HazardsDeck-Assemblage

This is the second of three games that I’m giving away for the 2017 Heritage Jam and Open Access Week. I hope you enjoy playing, and if you’re an artist and want to join forces to bring this game to market, please drop me a line or leave a comment.

Paradata

Creative Commons License

The rules and gameplay mechanics of Assemblage are hereby licensed as CC0 (public domain).

Paradata

Much like soldiers in World War II who played poker with cards designed to help them identify the enemy, I wanted to design a card game that would encourage people to think about things archaeologically. Archaeologists are storytellers, so I wanted to test each player’s creativity to look at a series of (surprising) objects and an event, and to create a story linking everything together. Artifacts alone convey information, but taken together in a single context—an assemblage—they tell a story. Artifacts are the bones of our past, but when assembled produce a skeleton.
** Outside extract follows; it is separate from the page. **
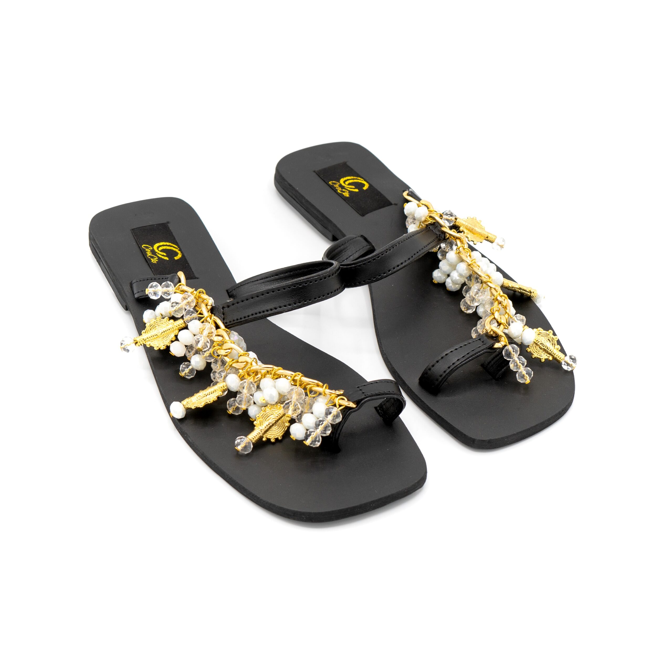 35000 CFAMinimalistes et précieuses à la fois, ces sandales plates noires subliment chaque pas avec raffinement. Leur design épuré est rehaussé d’une délicate chaîne dorée ornée de perles blanches et de cristaux translucides, apportant lumière et sophistication à l’ensemble. La bride centrale assure un maintien confortable tandis que la semelle plate garantit une démarche légère et […]

To make the game, I first developed and wrote the rules, thinking about how to use unrelated images to create some kind of connection. Once the mechanics and rules were done, I found a bunch of oddball artifact images online (which for this prototype should be classed as “fair use”), and dropped them into InDesign CS5 to create the initial deck of 84 cards, plus 18 hazard cards and 24 events cards, the artifacts and events provided without explanation or interpretation, and the hazards drawn from real-world archaeological perils. For the prototype, the actual identification of the artifacts has been removed, although I might add them back as a kind of answer key.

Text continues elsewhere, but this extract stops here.